Assigned task – With pictures omitted, copy exactly every line from the one that contains "If you’re looking" to the end of the listing below.

Supplied information –

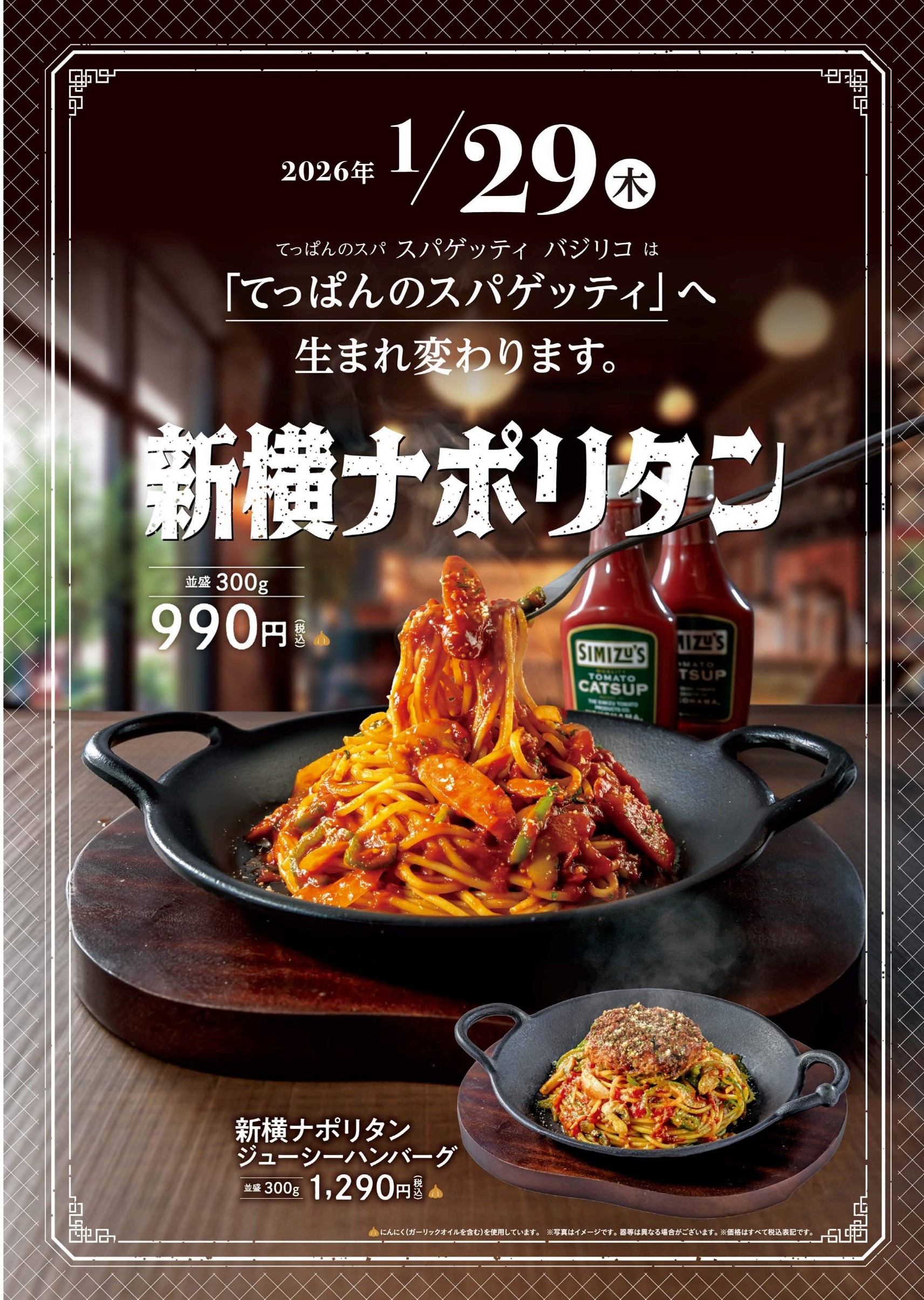 1階ぐるめストリート内「スパゲッティバジリコ」は2026 年1月29日(木)より「てっぱんのスパゲッティ」に生まれ変わります!
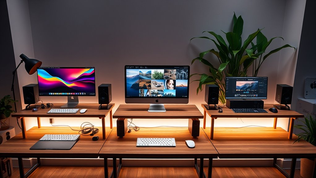 If you’re looking to power up your creative projects in 2025, I recommend the Mac Mini configurations featuring the M4 Pro chip for its 12-core CPU and 16-core GPU, which is perfect for demanding tasks. The M4 chip with a 10-core CPU is also a great option for high-performance needs. You’ll want ample RAM, up to 64GB, and SSD storage for efficient workflows. Stick around to find out how to choose the best setup for your needs.
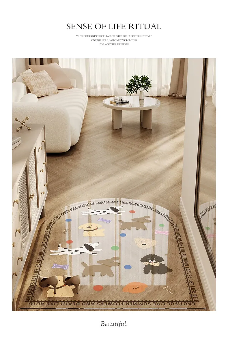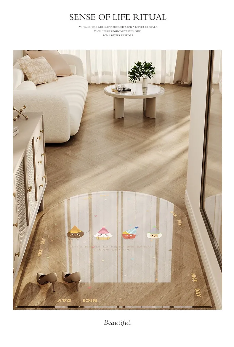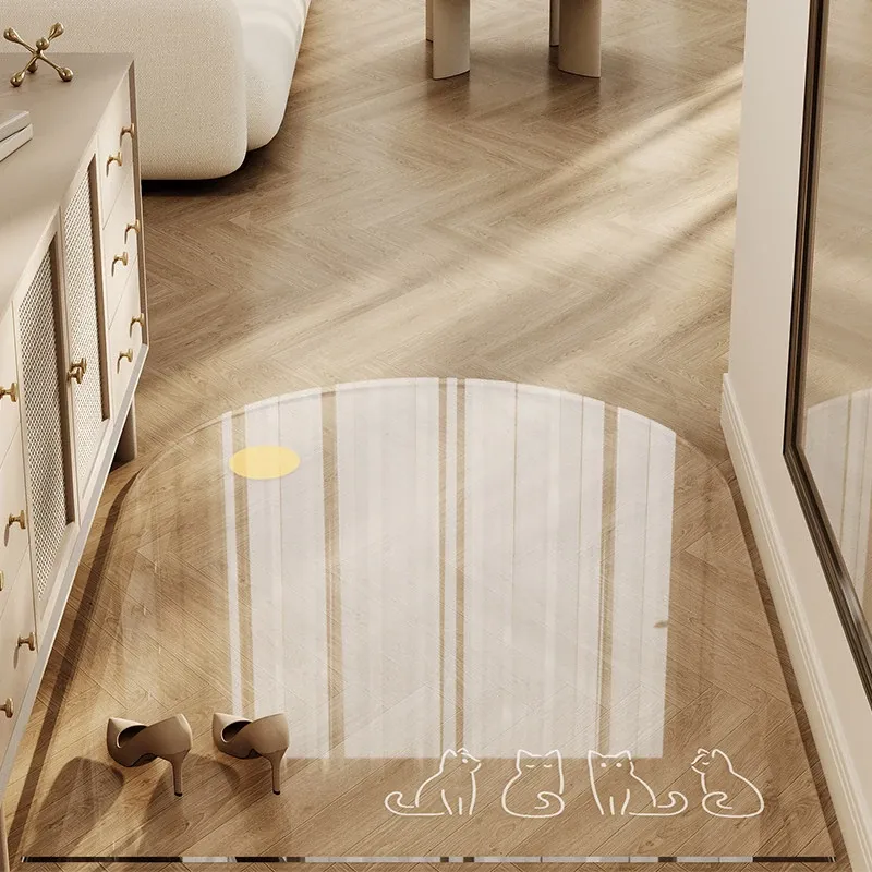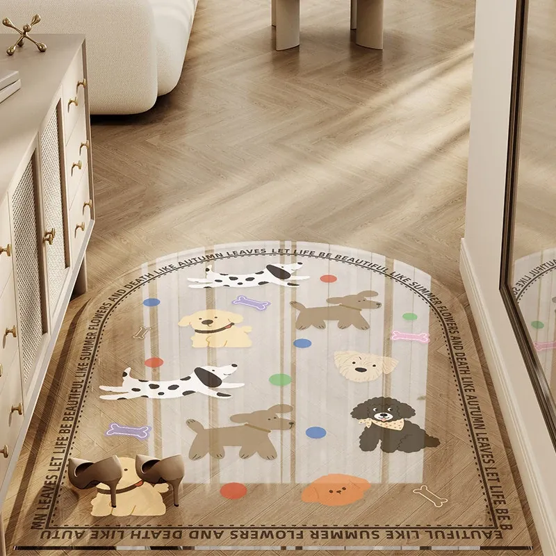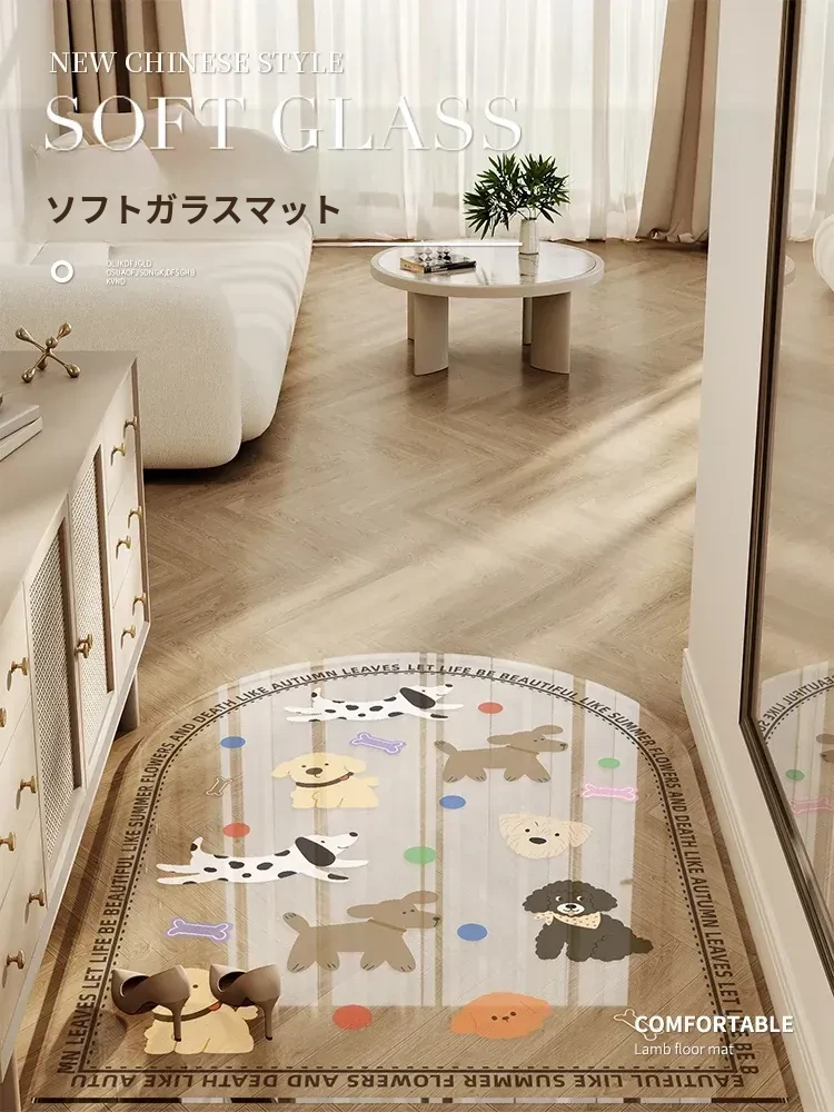 カラフルな透明キャラクター玄関マット 超薄型でドアを邪魔しない柔らかいガラス製 滑り止め機能付き 洗える防水カーペットで、玄関をおしゃれに演出!

Response for this exercise –
 If you’re looking to power up your creative projects in 2025, I recommend the Mac Mini configurations featuring the M4 Pro chip for its 12-core CPU and 16-core GPU, which is perfect for demanding tasks. The M4 chip with a 10-core CPU is also a great option for high-performance needs. You’ll want ample RAM, up to 64GB, and SSD storage for efficient workflows. Stick around to find out how to choose the best setup for your needs.
 カラフルな透明キャラクター玄関マット 超薄型でドアを邪魔しない柔らかいガラス製 滑り止め機能付き 洗える防水カーペットで、玄関をおしゃれに演出!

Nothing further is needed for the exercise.